His silence is thick as I flick my lighter flame on.

“Where are you?” he asked slowly.

“I don’t know, some gas station some where. I ran into Petra and we decided to take a drive. We just stopped for snacks so I doubt very much that we’re done yet.” I know how I sound.

“We were supposed to have our date tonight. Right now, in fact,” Tommy said to me.

“I know,” I answered. Not sadly, not angrily, not regretful. No emotion.

“And you left with Petra,” he asked. “Why?”

“I had to get out of town Tommy, just for a little while,” I told him as honestly as I could. Why did I have to get out of town? Would he ask me that, and would I answer as truthfully?

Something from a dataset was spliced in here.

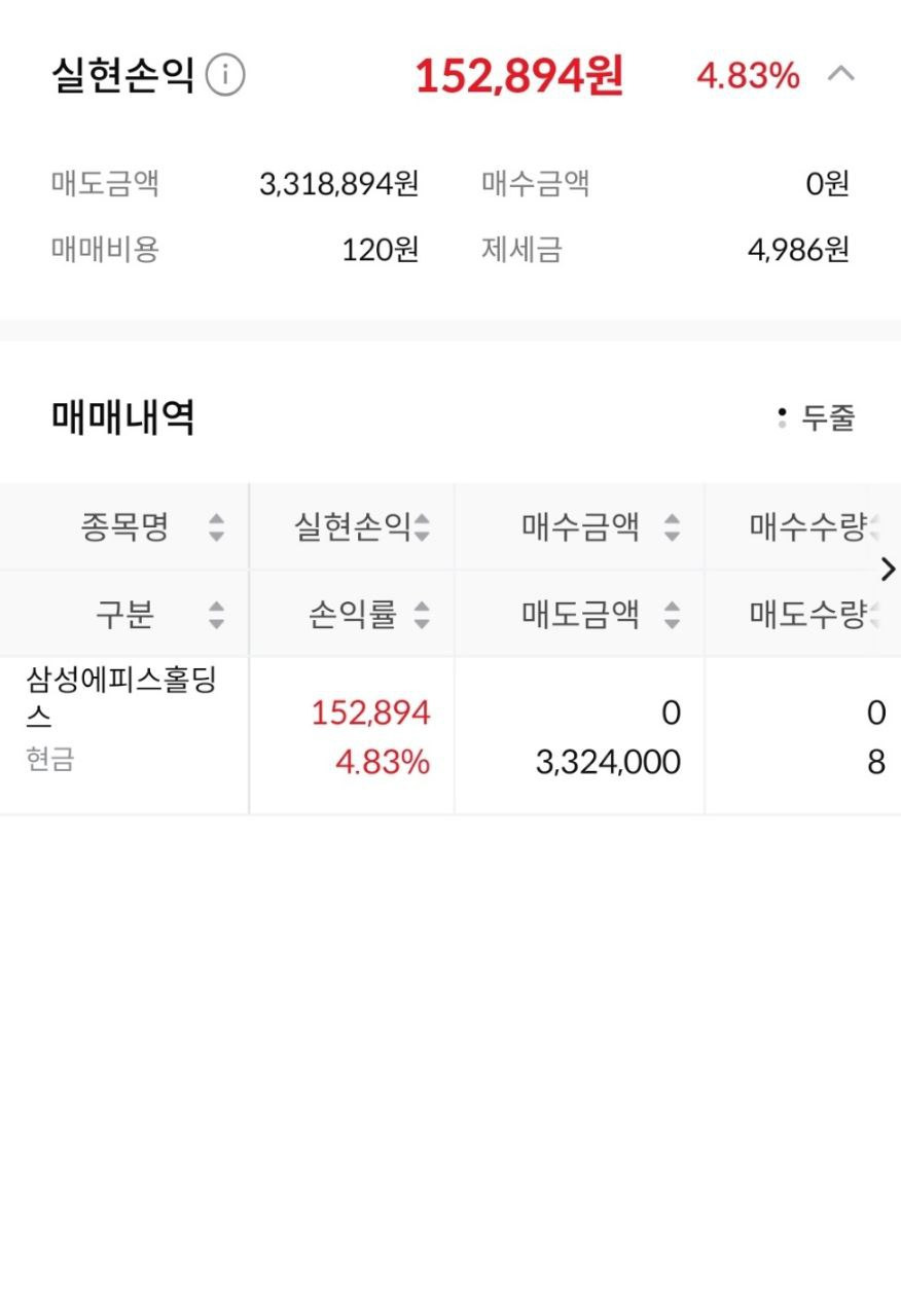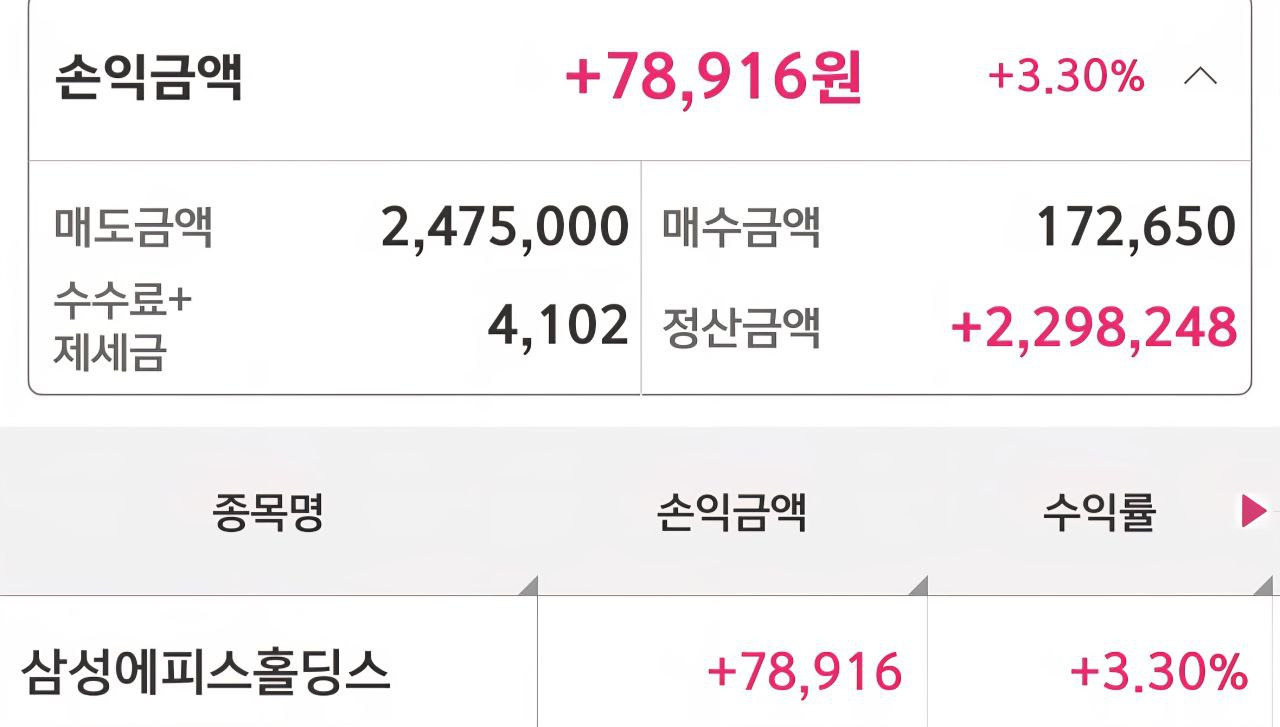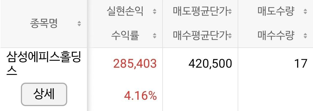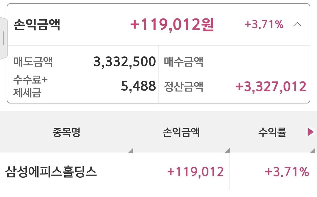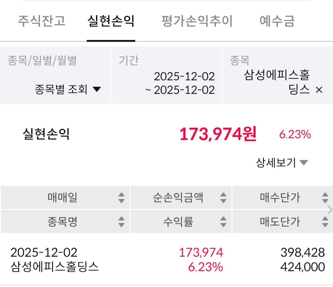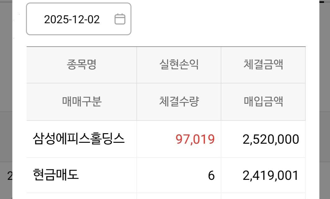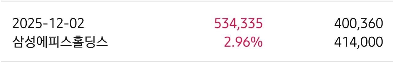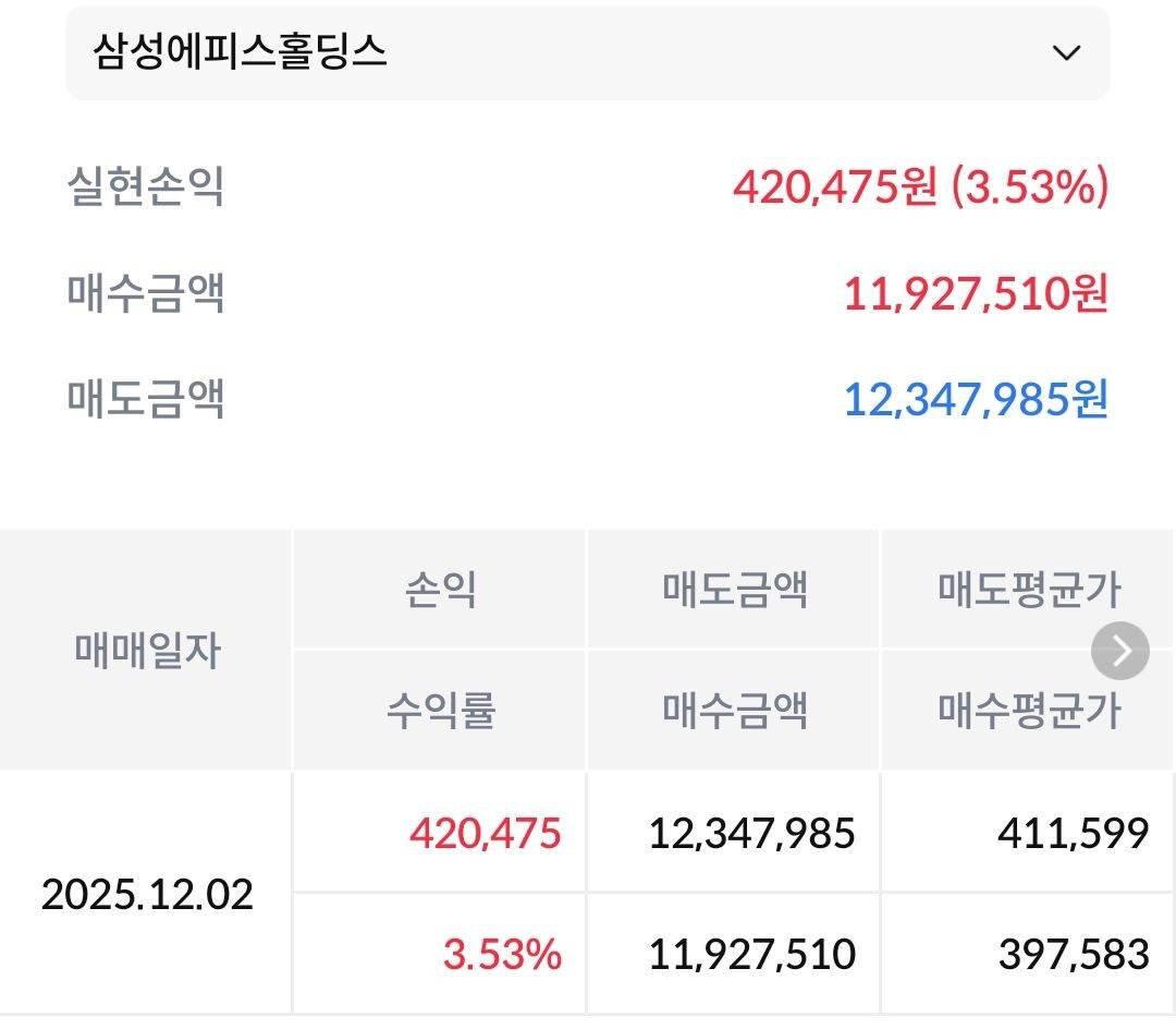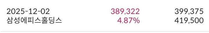 12월2일 삼성에피스홀딩스 4% 수익 416,000원 매도 후 449,000원까지 상승 후 442,000원 마감

“Jamie, what is going on?” he asked me. I could hear Petra’s footsteps crossing the gravel behind me.

“It’s nothing. I’ll be home later, and I’ll stop by and we will talk. Listen I have to go.”

“No, no Jamie please,” he said. “What’s happened? Why did you leave town?”

“Tommy I can’t talk about it right now, not here in this phone booth,” I told him finally. “I will call you later.”

I hung the phone back up before I could hear another word from his end of the line. I put my face in my hands, careful to keep my burning ember out of my hair.

“You okay babe?” Petra asked.

“I feel like squishing his head like an orange, but I don’t know what to say to him,” I told her as I turned away from the booth. We started back toward the car. “Can we get an orange? I’ll tear it to pieces and send it to him and then that will explain everything.”

“While I am willing to debate with you the sense in putting an orange in an envelope, how about we talk about something else right now instead?”

“Something else like what?” I asked as I rubbed the ember out of my cigarette on the bottom of my shoe. I stuck the butt in my hip pocket. I looked around at the unfamiliar bit of country road where we had stopped to refill the gas tank.

“The beautiful gas station attendant who was willing to sell us cigarettes has given me directions to the hottest dance club in the city about 15 miles from here. If we get back on the road we can get there before the stores close. We’ll get a snazzy new outfit and then we’ll go dancing,” Petra peeled the cellophane off of the illegally purchased cigarettes and pulled one out. “How does that sound?” she asked as she lit one cigarette then placed it between my lips.

“I think I could use some dancing,” I agreed easily. Mindless jumping around and sweating seemed just the thing to get two idiot boys out of my mind. Tonight was to be all about Petra and Jamie, two girls with nothing on their minds but dancing.